Search code examples
gitgit-submodulesrebase

How do I rebase a git superproject changing the hashes of the submodules?


Background

Assume we have two git repos, one a submodule of the other (A will be the superproject, B will be the submodule). Project A is not source code per-se, rather a project that gathers and tracks information about its submodule(s). The A repo rarely, if ever, exists on local machines, rather a bunch of scripts keep it updated.

One day, someone realized that repo B should have been using LFS better and cleaned up the repo using git lfs migrate import. I have a list of B's old hashes and new hashes.

What I did

As repo A happens to linear (no branching), I was able to do a git rebase --root -i, change all the commits to edit, and run a simple bash script that reset the submodule to the new hashes. Here's an example of the script:

#!/bin/bash
#set the submodule path and input files
submodulePath=foo
newHashesFile=NewHashes.txt
originalHashesFile=OriginalHashes.txt

while [ (test -d "$(git rev-parse --git-path rebase-merge)" || test -d "$(git rev-parse --git-path rebase-apply)" ) ]; do
    numLines=`git ls-files --stage | grep $submodulePath | wc -l`
    if [ $numLines = 1 ];
    then
        oldHash=`git ls-files --stage | grep $submodulePath | sed -e 's/^160000 \([^ ]*\) 0.*$/\1/g'`
        echo oldHash: $oldHash
    else
        echo merge conflict
        oldHash=`git ls-files --stage | grep $submodulePath | grep '^160000 \([^ ]*\) 3.*' | sed -e 's/^160000 \([^ ]*\) 3.*$/\1/g'`
        echo oldHash: $oldHash    
    fi

    lineNumber=`grep -n $oldHash $originalHashesFile | sed -e 's/^\([^:]*\):.*/\1/g'`
    newHash=`head -n $lineNumber $newHashesFile | tail -n 1`

    if [ ! $lineNumber ];
    then
        echo Hash not changed
    else
        cd $submodulePath
        git reset --hard $newHash
        cd ../
    fi

    git add $submodulePath/
    git commit --amend
    git rebase --continue
done

Question

All this worked, but I was wondering if there is an easier simpler way to do so, as I assume I'll be called on to do this again. There are two parts to that question.

  1. Is there a simple way to tell git that you want the default to be edit instead of pick, not dependent on the editor?
  2. Is there a simpler way of telling git to do what the script does?
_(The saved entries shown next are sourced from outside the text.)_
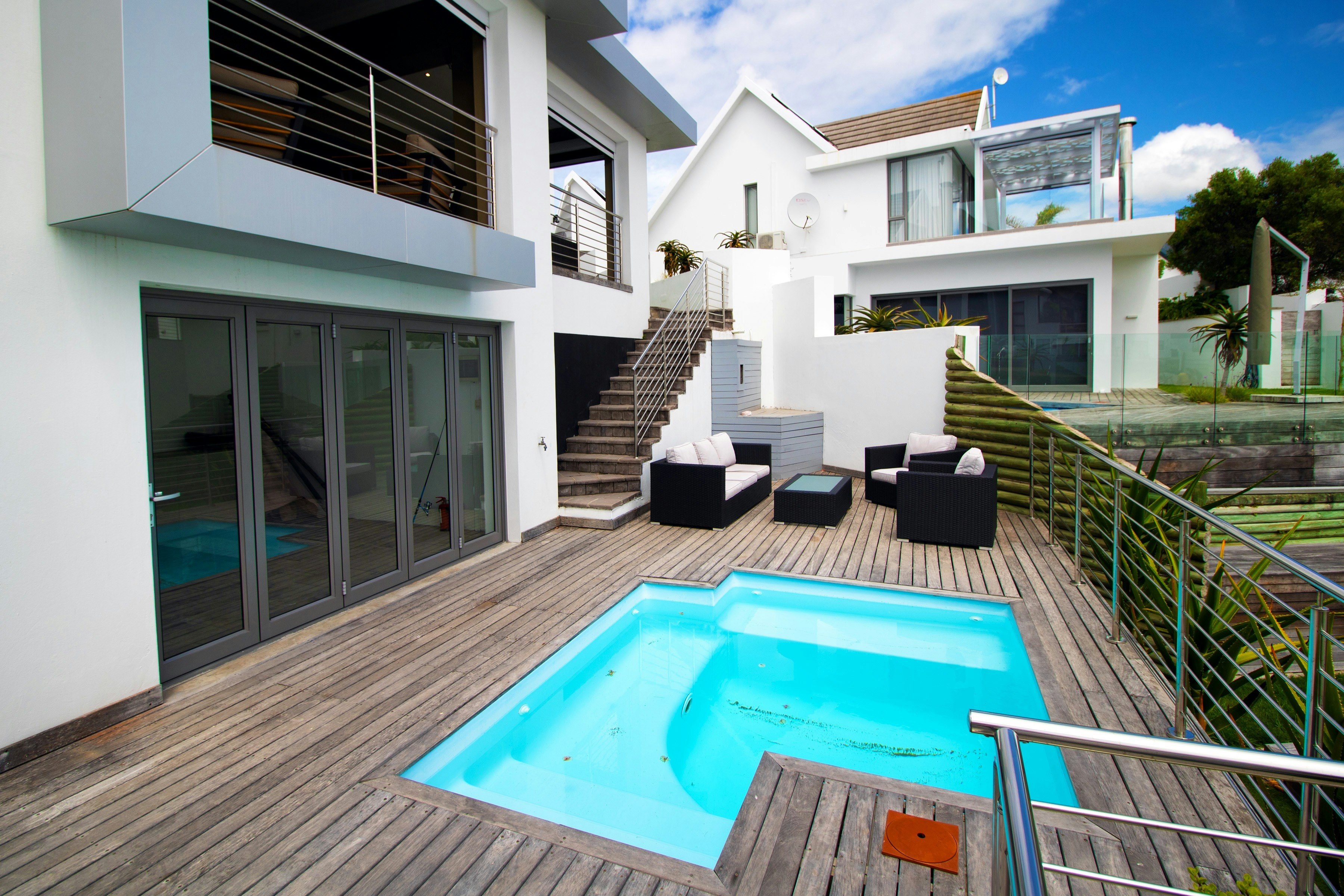 Die derde verdieping bied 'n dek met 'n swembad, buitemeubels met trappe wat na die jetty lei.
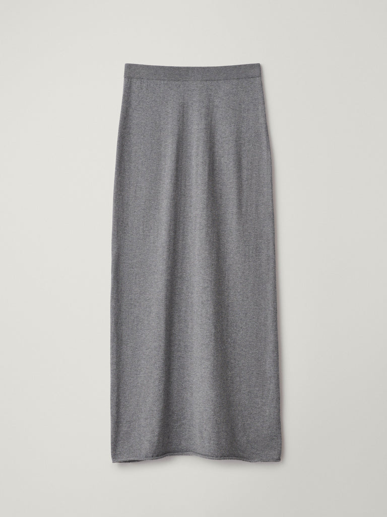 An effortless pull-on staple, the Charlotta skirt is crafted in our jersey-like fine knit cashmere fabric blended with cotton. The regular fit, straight silhouette sits comfortably at the waist with an elasticated waistband and falls into a lightweight maxi skirt finished with rolled hems for an undone touch.
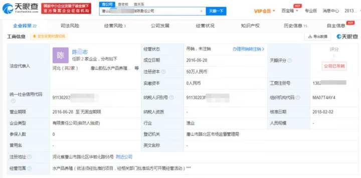 【#唐山打人者陈某志公司已被吊销执照#】6月10日,唐山打人事件引发全网关注。青岛广电·点时新闻报道,有当地市民曝出,其中一名施暴者为水产养殖老板陈某志。根据天眼查APP显示,陈某志关联的唐山韵红水产品养殖有限责任公司,因开业后自行停业连续六个月以上,于2021年3月25日被吊销执照。红星资本局6月
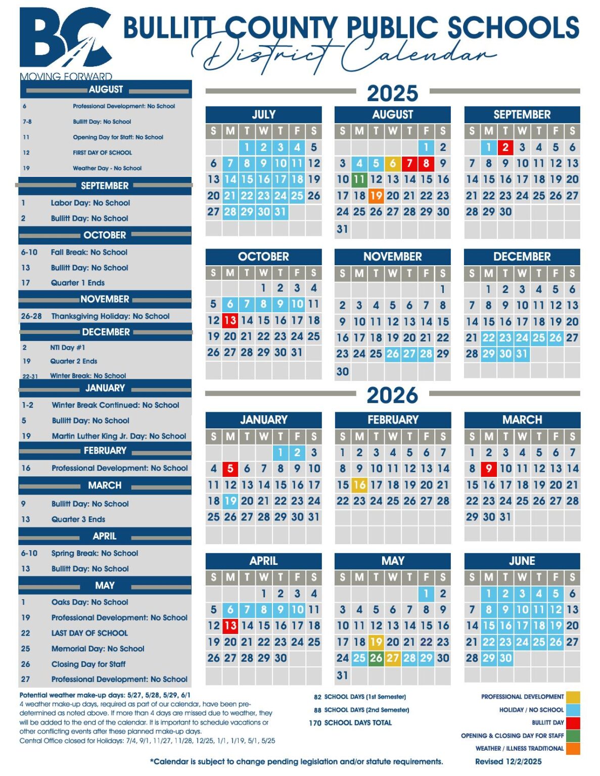 Bullitt County School Calendar 2022 2025 Schoolcalendars net
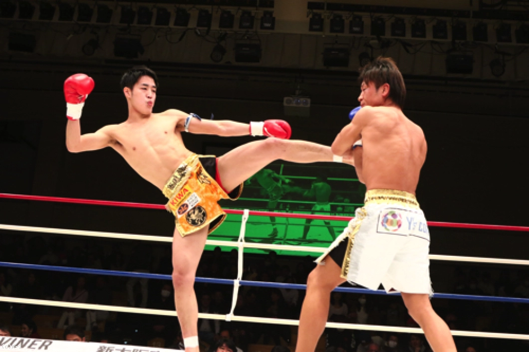 2R、MMA出身の蓮實は体の強さを活かし前に出て瓦田に圧力を掛ける。接近して左右のフックを強振する蓮實に、瓦田は逆に顔へのヒザ、離れた間合いではボディに前蹴りを突き刺す。しかし蓮實はお構いなしとばかり前に出る。瓦田はボディへのヒザから顔に連打をまとめるが、蓮實はそこから逆に打ち返す。右アッパーも突き上げる蓮實だが、瓦田はダメージを見せず、打ち下ろしの右ストレートを決め蓮實をダウンさせる。
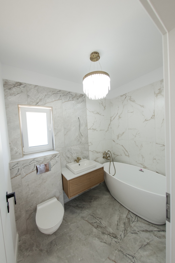 Interioare: Centrala termica, incalzire in pardoseala, instalatie electrica completa, usi interioare, gresie si faianta premium, parchet elegant, obiecte sanitare de calitate, scari cu balustrada, iluminat ambiental si tavane finisate impecabil.
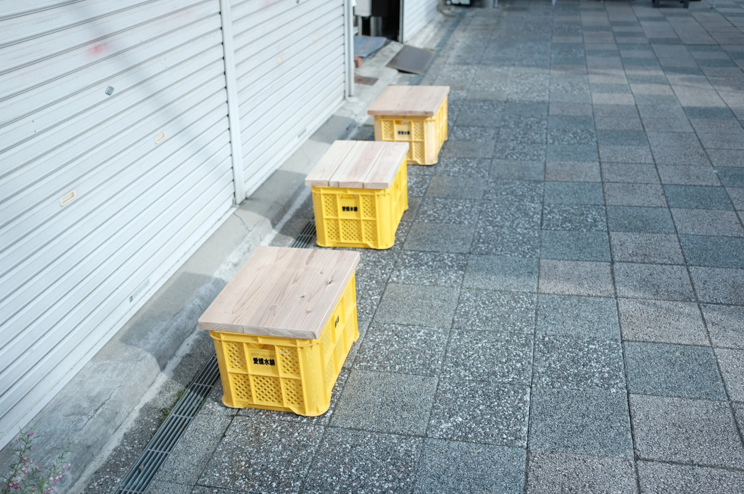 商店街の路上にみかん箱を活用した椅子とテーブルをデザイン製作。

Would it help if I did the git lfs migrate import from within the superproject?

Solution

  • Is there a simple way to tell git that you want the default to be edit instead of pick, not dependent on the editor?
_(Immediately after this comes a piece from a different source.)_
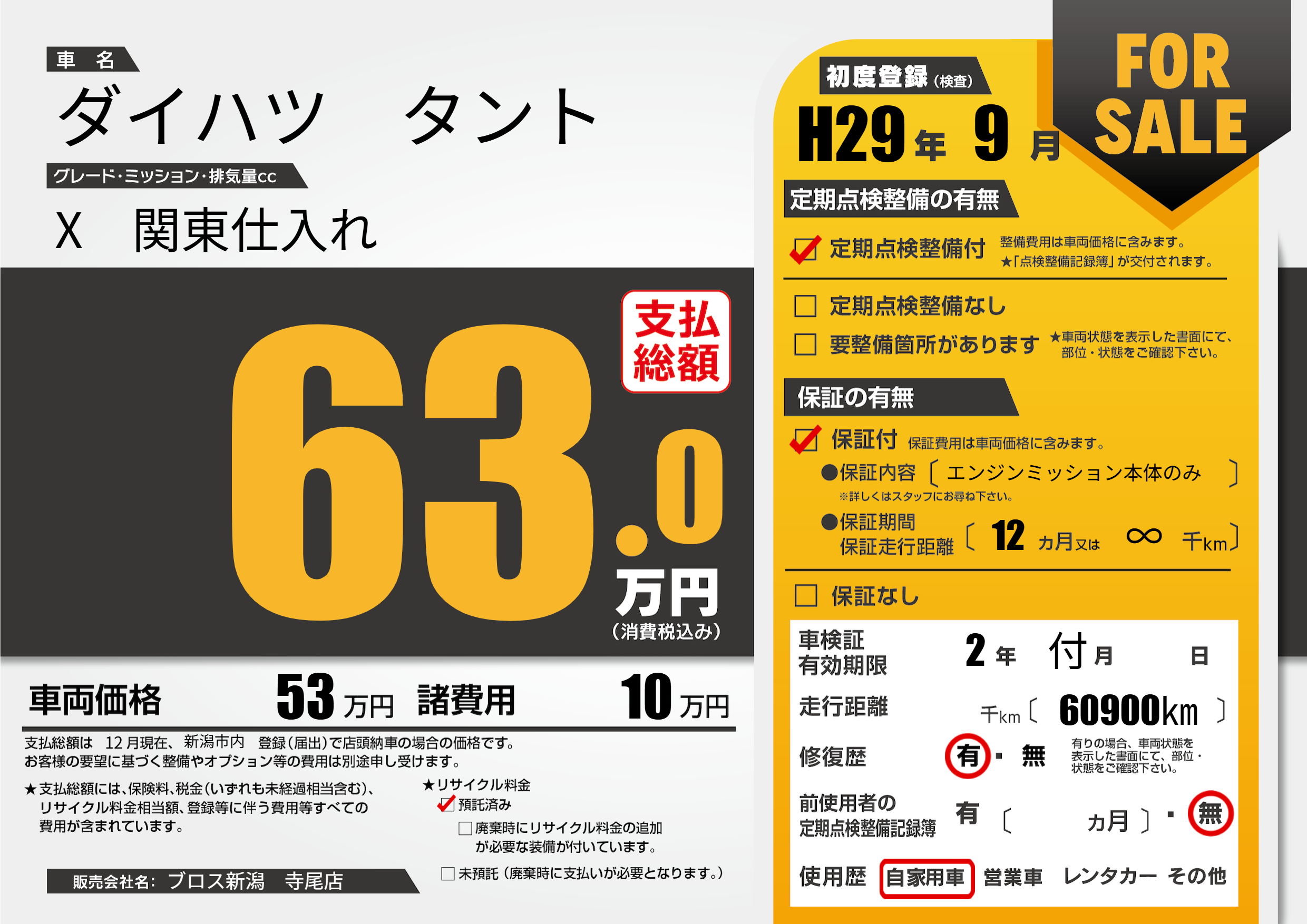 | 車名 | ダイハツ タント | グレード ミッション 排気量 |
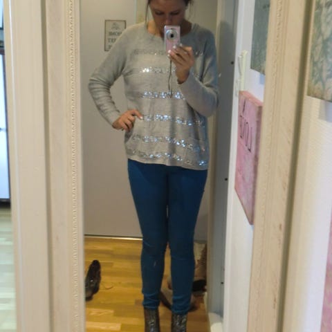I mønsteret er det noen blanke paljetter som gir et lite skimmer.

    No. There is, however, a way to set the sequence-of-commands editor to a separate editor from other editors: set the environment variable GIT_SEQUENCE_EDITOR. So, for instance, you can do:

    GIT_SEQUENCE_EDITOR="sed -i '' s/^pick/edit/" git rebase -i ...
    

    (assuming your sed has a -i that works this way, etc).

    Is there a simpler way of telling git to do what the script does?
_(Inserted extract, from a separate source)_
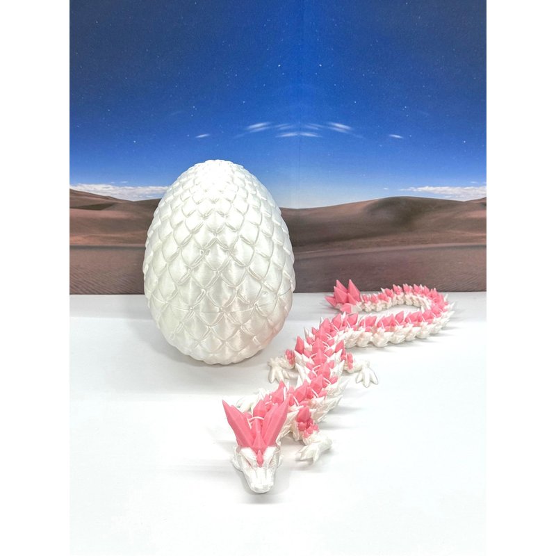 3D Printed enchanting Articulated Crystal Dragon - a mystical creature that brings a touch of fantasy to your world. Unveil the mystery of the Satin Scaled Dragon Egg and this White and Pink Crystal Dragon ( measures 12.5" long) a captivating fusion of elegance and fantasy. Encased within a meticulously designed crystal egg, this dragon reveals itself with a symphony of colors - a testament to its magical heritage. ------- Small Components Advisory: ------- Please note that this product may contain small components and might not be suitable for very young children. Given the characteristics of 3D printing, there is a potential for small components to detach if handled aggressively or dropped. Therefore, we advise against allowing younger children to interact with the dragon. Please consider that 3D printed objects might include minor imperfections such as layer lines. These are a natural and inherent aspect of the printing process. We strive to produce the highest quality items, and these imperfections contribute to the unique character of each piece. Recall the unique creation of each dragon, crafted exclusively for you. The color selections available are depicted in the provided photos. Please be aware that variations in color may occur due to discrepancies in filament production and the characteristics of the monitor or screen you are utilizing to view the listing. Additionally, the arrangement of prints using multi-colored filament rolls can influence color distribution. ------- Licensing Information: ------- Authorized Design: NOHo3D holds the official authorization for the production of this exquisite design created by CinderWing3D.

    Given that you want to update each gitlink hash, I'd use git filter-branch (rather than git rebase) to do it, with an --index-filter that does the gitlink hash updates. I'm not sure this is any simpler but it's more direct. The index filter itself would consist of using git ls-files --stage similar to the way you do it, but probably itself use a generated sed script, or an awk script. Generated-sed would probably be faster, while awk would be simpler, especially if you have a modern awk where you can just read in the hash mapping.